(Aim of the exercise):
In the listing below, find the line with "在 6872 之上,看涨,目标价位为 6915 ,然后为 6930 。" and the line with "71 | Burns |", then return them and every line between them exactly, minus the pictures.

(The input):
=== Section Start ===

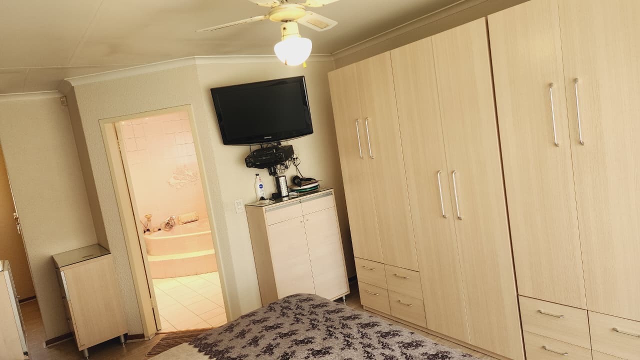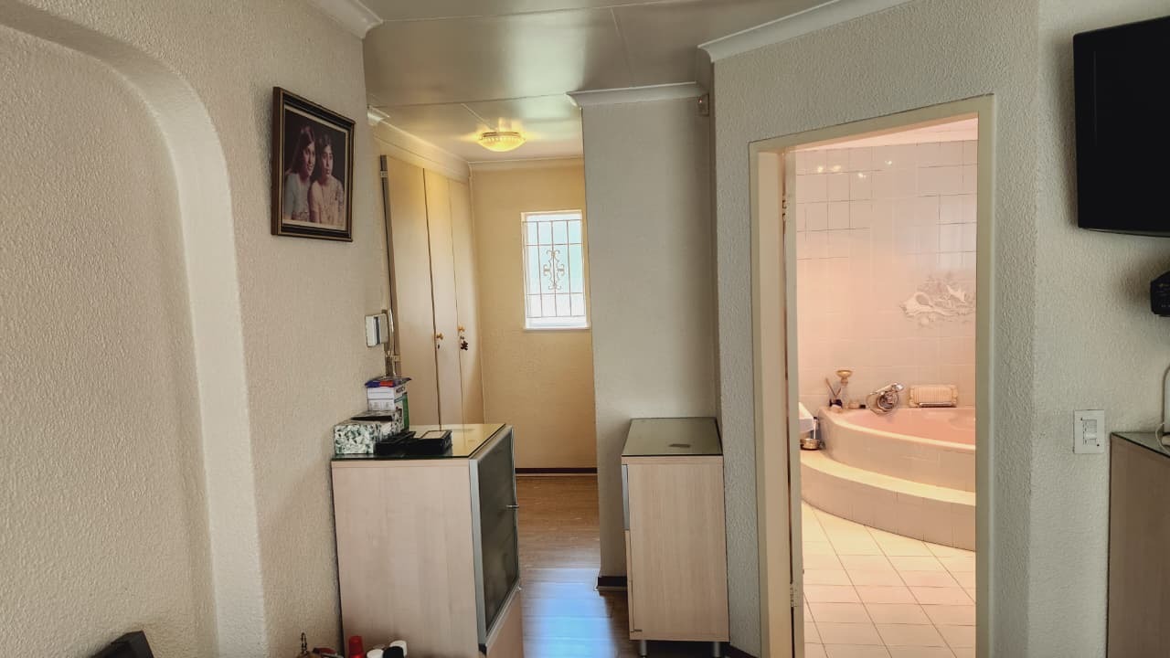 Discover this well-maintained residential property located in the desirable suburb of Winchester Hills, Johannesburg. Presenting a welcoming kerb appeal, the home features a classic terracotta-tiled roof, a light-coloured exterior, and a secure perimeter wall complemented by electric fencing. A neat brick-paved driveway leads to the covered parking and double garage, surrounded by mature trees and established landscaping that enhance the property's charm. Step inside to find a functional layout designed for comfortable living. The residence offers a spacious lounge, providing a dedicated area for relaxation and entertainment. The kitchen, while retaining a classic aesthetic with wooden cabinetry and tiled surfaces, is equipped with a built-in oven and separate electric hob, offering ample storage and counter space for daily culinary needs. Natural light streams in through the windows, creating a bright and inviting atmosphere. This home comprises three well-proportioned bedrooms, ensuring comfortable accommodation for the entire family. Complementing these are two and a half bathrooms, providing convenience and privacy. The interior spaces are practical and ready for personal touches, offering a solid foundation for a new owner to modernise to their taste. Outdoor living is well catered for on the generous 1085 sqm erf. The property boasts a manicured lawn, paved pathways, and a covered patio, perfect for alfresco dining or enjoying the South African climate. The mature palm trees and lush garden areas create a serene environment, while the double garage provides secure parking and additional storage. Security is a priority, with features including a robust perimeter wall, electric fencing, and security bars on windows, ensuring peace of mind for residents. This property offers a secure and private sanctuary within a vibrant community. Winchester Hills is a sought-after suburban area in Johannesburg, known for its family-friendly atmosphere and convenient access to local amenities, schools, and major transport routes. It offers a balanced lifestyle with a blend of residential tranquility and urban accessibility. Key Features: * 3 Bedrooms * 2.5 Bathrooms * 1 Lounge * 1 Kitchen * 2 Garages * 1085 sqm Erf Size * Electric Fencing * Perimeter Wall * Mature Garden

=== Section End ===
=== Section Start ===

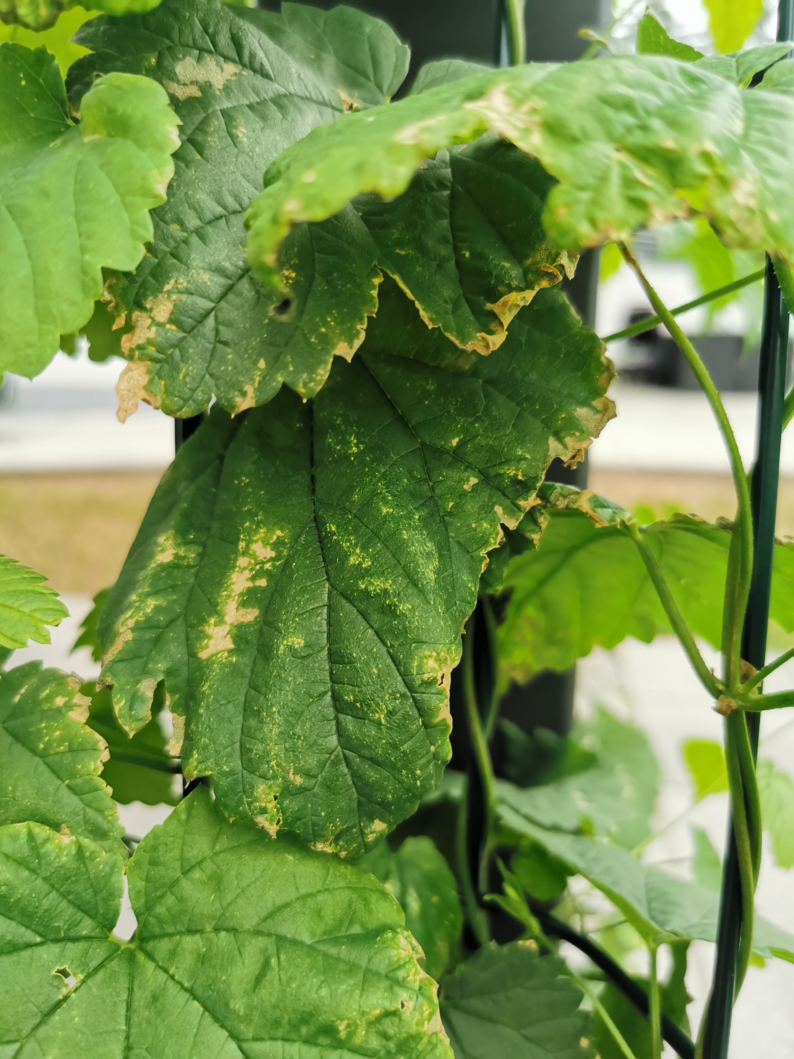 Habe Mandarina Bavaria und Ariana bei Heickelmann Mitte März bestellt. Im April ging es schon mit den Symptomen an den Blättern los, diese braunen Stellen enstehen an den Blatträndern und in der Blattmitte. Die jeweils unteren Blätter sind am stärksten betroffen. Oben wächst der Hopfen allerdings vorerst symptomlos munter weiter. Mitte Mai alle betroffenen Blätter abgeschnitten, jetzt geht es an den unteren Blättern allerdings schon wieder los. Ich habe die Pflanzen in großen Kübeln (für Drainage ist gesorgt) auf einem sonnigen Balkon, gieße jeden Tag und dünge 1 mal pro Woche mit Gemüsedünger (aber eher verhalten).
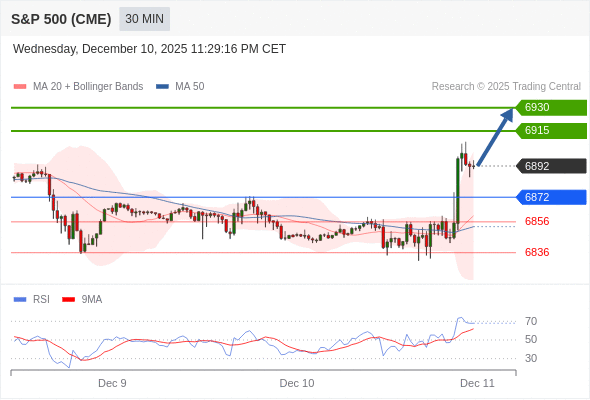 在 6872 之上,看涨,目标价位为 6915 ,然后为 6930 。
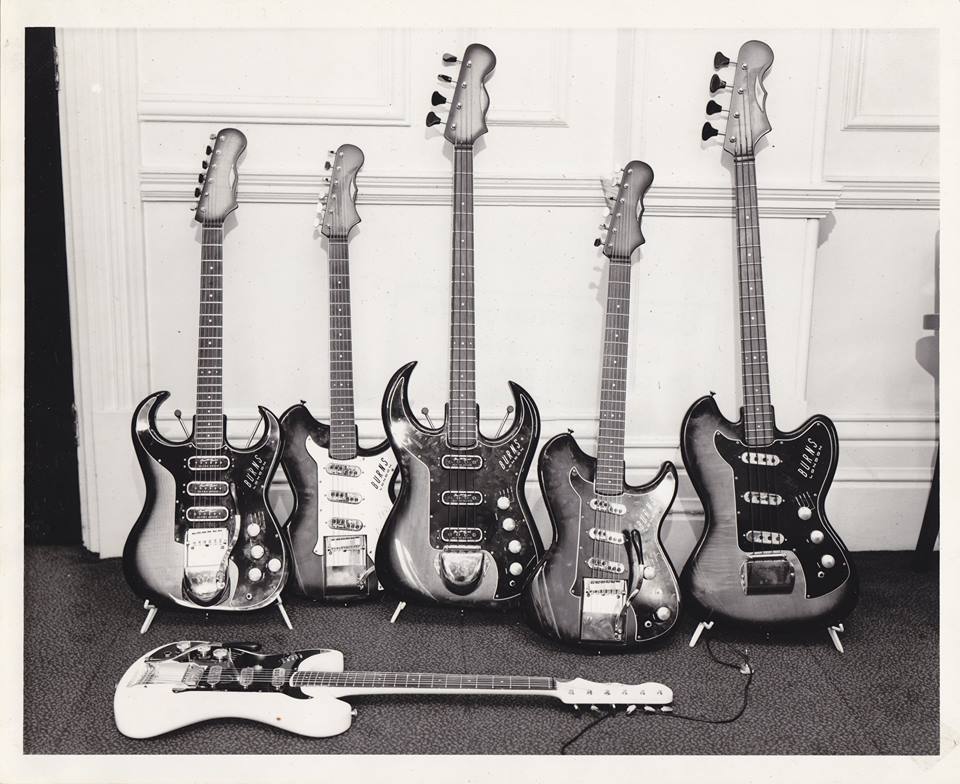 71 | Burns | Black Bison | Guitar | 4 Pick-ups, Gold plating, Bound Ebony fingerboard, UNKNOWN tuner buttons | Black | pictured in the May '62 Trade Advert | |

=== Section End ===
=== Section Start ===

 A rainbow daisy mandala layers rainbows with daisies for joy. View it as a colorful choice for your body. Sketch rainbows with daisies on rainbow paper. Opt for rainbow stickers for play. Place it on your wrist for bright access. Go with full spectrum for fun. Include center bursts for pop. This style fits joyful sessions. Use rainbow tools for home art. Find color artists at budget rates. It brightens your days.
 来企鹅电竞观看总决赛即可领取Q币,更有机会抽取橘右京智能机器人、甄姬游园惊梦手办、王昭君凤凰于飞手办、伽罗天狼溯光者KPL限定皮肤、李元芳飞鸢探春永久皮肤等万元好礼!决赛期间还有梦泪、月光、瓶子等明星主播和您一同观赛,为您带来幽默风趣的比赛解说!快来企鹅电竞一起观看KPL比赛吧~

=== Section End ===

(Answer section):
 在 6872 之上,看涨,目标价位为 6915 ,然后为 6930 。
 71 | Burns | Black Bison | Guitar | 4 Pick-ups, Gold plating, Bound Ebony fingerboard, UNKNOWN tuner buttons | Black | pictured in the May '62 Trade Advert | |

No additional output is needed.